I'm also less certain that I've seen this similar result stated before: if $\psi : A\to B^*$ is (completely) positive, then $\|\psi\| = \lim_\lambda\|\psi(e_\lambda)\|$. Positivity in $B^*$ is defined as you might expect, giving us an order structure, and the order structure on $M_n(B^*)$ is obtained by the canonical identification of $M_n(B^*)$ with $M_n(B)^*$. I was hoping to find a proof of the result in the paragraph above and see what modifications needed to be made to prove this, but now I can't find either.
A reference is Lance's book "Hilbert $C^*$-modules", lemma 5.3, p46. However, here is my proof which I believe is more straightforward than the one you will encounter in this reference.
Theorem: Let $\varphi: A \to B$ be a c.p. map between $C^*$-algebras and let $\{u_i\}_{i \in I}$ be an approximate unit for $A$. Then $\|\varphi\| = \lim_i \|\varphi(u_i)\|.$ In particular $\|\varphi\| = \|\varphi(1_A)\|$ if $A$ is unital.

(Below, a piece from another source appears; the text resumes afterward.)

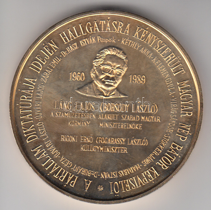 1989. "A száműzetésben 1960-1989 között működő szabad magyar kormány e... https://www.darabanth.com/de/172-Fernauktion/172.0/Numismatik/Ungarische-Edelmetall-Gedenkmunzen-und-Plaketten~5000110/1989-A-szamuzetesben-1960-1989-kozott-mukodo-szabad-magyar-kormany-emlekere-nagymeret~II582268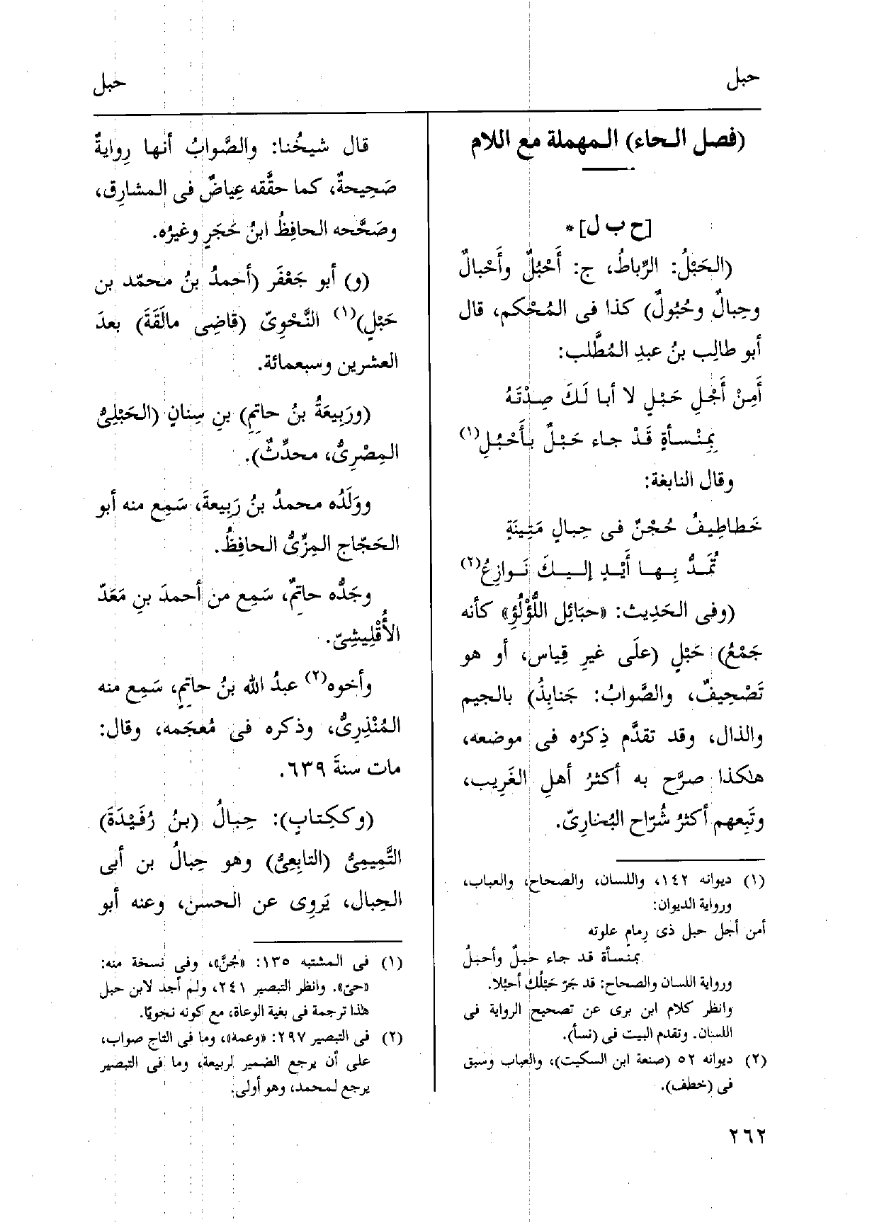 وَفِي الحَدِيث: حبَائِل اللؤْلُؤِ كَأَنَّهُ جَمْعُ حَبلٍ علَى غيرِ قِياس، أَو هُوَ تَصْحِيفٌ، والصَّوابُ: جَنابِذُ بِالْجِيم والذال، وَقد تقدَّم ذِكرُه فِي مَوْضِعه، هَكَذَا صرَّح بِهِ أكثرُ أهلِ الغَرِيب، وتَبِعهم أكثرُ شُرّاح البُخارِيّ. قَالَ شيخُنا: والصَّواب أَنَّهَا رِوايةٌ صَحِيحةٌ، كَمَا حقَّقه عِياضٌ فِي المشارِق، وصَحَّحه الحافِظُ ابنُ حَجَرٍ وغيرُه. أَبُو جَعْفَر أحمدُ بنُ محمّد بن حَبلٍ النَّحْوِيّ قاضِي مالَقَةَ بعدَ الْعشْرين وَسَبْعمائة. ورَبِيعَةُ بنُ حاتِمِ بنِ سِنانٍ الحَبلِيّ المِصْرِيُّ، محدِّثٌ. ووَلَدُه محمدُ بنُ رَبِيعةَ، سَمِع مِنْهُ أَبُو الحَجّاج المِزِّيُّ الحافِظُ. وجَدُّه حاتِمٌ، سَمِع من أحمدَ بنِ مَعَدّ الأُقْلِيشِيّ.

Proof: By rescaling, we may assume $\|\varphi\| = 1$. The net $\{\| \varphi(u_i)\|\}_i$ is increasing and hence converges to its supremum in $\mathbb{R}$. Thus $L:=\lim_i \|\varphi(u_i)\|$ exists and clearly $L \leq \|\varphi\|=1$. If $a\in A$ with $\| a \| \leq 1$, then $u_ia^* a u_i \leq \|a^*a \| u_i u_i \leq u_i$. Applying the Schwarz-inequality, $$\varphi(au_i)^* \varphi(au_i) \leq \varphi((au_i)^*(au_i)) = \varphi(u_i a^*a u_i) \leq \varphi(u_i).$$ Taking norms, we obtain $\|\varphi(au_i)\|^2 \leq \|\varphi(u_i)\| \leq L$. Letting $i \to \infty$, we see that $\|\varphi(a)\|^2 \leq L$ so since $a$ was an arbitrary element in the unit ball of $A$ we get $1=\|\varphi\|^2 \leq L$. This ends the proof.